Joining tables from two different postgresql

@bilallodhi welcome to the KNIME forum.

Question is what does that mean. If you can access them both by the same DB connector you might just use the DB Joiner – KNIME Community Hub node which in effect will create a SQL view. You can combine several DB (database) nodes so that the operation will be done on the database.

I do not think that a join using streaming is possible since the machine would not know which other possible values would be there. But that might depend on your actual data and what kind of databases we are talking about. Performance might also be influenced by things like indices (if they are being used).

In general it most often does make sense to do the larger database tasks on the DB. With big data operations my experience is that sometimes it can make sense to use temporary tables and do more complex operations in steps - while other databases (think Oracle) might have the option to optimise (nested) queries by themselves.

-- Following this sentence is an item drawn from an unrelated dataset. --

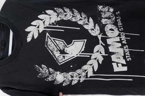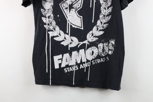 Vintage Famous Stars and Straps Mens Small Distressed Spell Out T-Shirt Black

I think you might have to provide us with some more informations and maybe also talk to someone in or organisation who would know about performance tweaking in your database system.

If 5 or 7 million lines are large very much depends on the nature of the data :slight_smile: just considering the number of lines a strong machine might be able to do that with a KNIME installation :slight_smile: - depending on the complexity of the join.

Another thing to think about might be to do it in chunks and store the intermediate results (on a local machine Parquet would be a format that would be able to easily append intermediate results - also on a big data system). That again very much depends on the scenario.

4 Likes